(Extracted records)
........

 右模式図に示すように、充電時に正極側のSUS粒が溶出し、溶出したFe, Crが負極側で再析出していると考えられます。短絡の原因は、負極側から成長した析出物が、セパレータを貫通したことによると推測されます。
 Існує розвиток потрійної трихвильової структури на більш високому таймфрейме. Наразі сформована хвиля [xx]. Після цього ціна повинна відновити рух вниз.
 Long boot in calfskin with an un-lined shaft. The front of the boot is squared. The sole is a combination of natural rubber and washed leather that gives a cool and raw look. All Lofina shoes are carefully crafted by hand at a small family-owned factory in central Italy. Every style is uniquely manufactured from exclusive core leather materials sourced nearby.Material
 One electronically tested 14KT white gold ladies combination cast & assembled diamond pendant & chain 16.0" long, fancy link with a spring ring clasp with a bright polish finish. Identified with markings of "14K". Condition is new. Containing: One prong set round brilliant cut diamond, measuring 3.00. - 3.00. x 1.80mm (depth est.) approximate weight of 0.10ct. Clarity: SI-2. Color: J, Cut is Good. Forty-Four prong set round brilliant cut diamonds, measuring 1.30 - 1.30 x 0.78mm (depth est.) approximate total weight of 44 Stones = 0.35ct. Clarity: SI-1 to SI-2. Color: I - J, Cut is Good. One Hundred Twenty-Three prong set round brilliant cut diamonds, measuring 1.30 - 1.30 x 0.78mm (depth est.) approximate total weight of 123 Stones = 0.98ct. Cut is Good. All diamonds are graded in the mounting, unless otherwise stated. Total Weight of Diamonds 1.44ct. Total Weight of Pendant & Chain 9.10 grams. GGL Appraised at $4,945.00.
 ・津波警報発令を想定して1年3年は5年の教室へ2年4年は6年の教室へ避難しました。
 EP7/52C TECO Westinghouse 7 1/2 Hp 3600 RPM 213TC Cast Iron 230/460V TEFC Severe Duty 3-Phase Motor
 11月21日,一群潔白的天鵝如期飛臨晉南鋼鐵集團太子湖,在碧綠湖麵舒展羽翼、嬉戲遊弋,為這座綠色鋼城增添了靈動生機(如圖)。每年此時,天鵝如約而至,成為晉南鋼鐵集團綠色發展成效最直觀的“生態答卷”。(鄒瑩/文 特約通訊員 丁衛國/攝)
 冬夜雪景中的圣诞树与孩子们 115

........

→ **ACTIVITY**
Print the lines above, unchanged, from the start of the records to the line with "Існує розвиток потрійної", including that final line.

→ **OUTPUT OF THE TASK**
 右模式図に示すように、充電時に正極側のSUS粒が溶出し、溶出したFe, Crが負極側で再析出していると考えられます。短絡の原因は、負極側から成長した析出物が、セパレータを貫通したことによると推測されます。
 Існує розвиток потрійної трихвильової структури на більш високому таймфрейме. Наразі сформована хвиля [xx]. Після цього ціна повинна відновити рух вниз.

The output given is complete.